A Gel-electrophoretic Analysis for Improved Sensitivity and Specificity of DNA-dependent Protein Kinase Activity
Author(s) -
Yoshihisa Matsumoto,
Noriko Umeda,
Norio Suzuki,
Kazuo Sakai,
Kazuya Hirano
Publication year - 1999
Publication title -
journal of radiation research
Language(s) - English
Resource type - Journals
SCImago Journal Rank - 0.643
H-Index - 60
eISSN - 1349-9157
pISSN - 0449-3060
DOI - 10.1269/jrr.40.183
Subject(s) - dna , phosphorylation , peptide , biochemistry , gel electrophoresis , microbiology and biotechnology , kinase , protein kinase a , substrate (aquarium) , protein phosphorylation , chemistry , biology , ecology
DNA-dependent protein kinase (DNA-PK) is considered a critical enzyme in the repair and/or signal transduction of DNA double-strand breaks. DNA-PK activity has been mostly measured through "DNA-plus-minus" or "DNA-pull-down" procedures using synthetic peptide as substrate followed by filter-binding analysis, i.e. liquid scintillation counting of acid-insoluble radioactivity bound to phosphocellulose filter. Considering that non-specific phosphorylation of other cellular proteins in filter-bound acid-insoluble count could interfere with the detection of specific phosphorylation of peptide substrate, we examined the specificity and characteristics of these assay procedures by SDS gel-electrophoresis of the reaction mixture. The electrophoretic pattern showed phosphorylation in wide range of non-specific protein bands other than the specific substrate. The very low DNA-PK activity shown by murine L5178Y or FSA1233 cells was unambiguously detectable as the count in substrate band.
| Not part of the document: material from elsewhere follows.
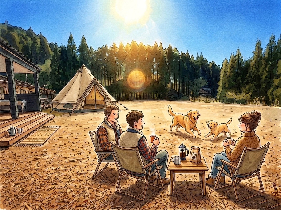 外周がフェンスで囲まれているのでノーリードで思いっきり走り回る愛犬の姿を見ながら、自分たちもゆっくりコーヒーを飲んだり、贅沢な時間を楽しむことができました」

Even following DNA-pull-down procedure, which would separate DNA-PK from most of other protein kinases, substantial amount of phosphorylation of other cellular proteins were still contaminated. Thus by selectively counting the particular bands, small amount of specific phosphorylation of peptide substrate was reliably quantified. These results indicated that the DNA-PK activity through filter-binding analysis was, as suspected, contaminated by non-specific phosphorylation of other cellular proteins and also that the gel-electrophoretic analysis would improve detectability of specific phosphorylation by DNA-PK of synthetic peptide substrate and, therefore, would improve the kinase assay in both sensitivity and specificity.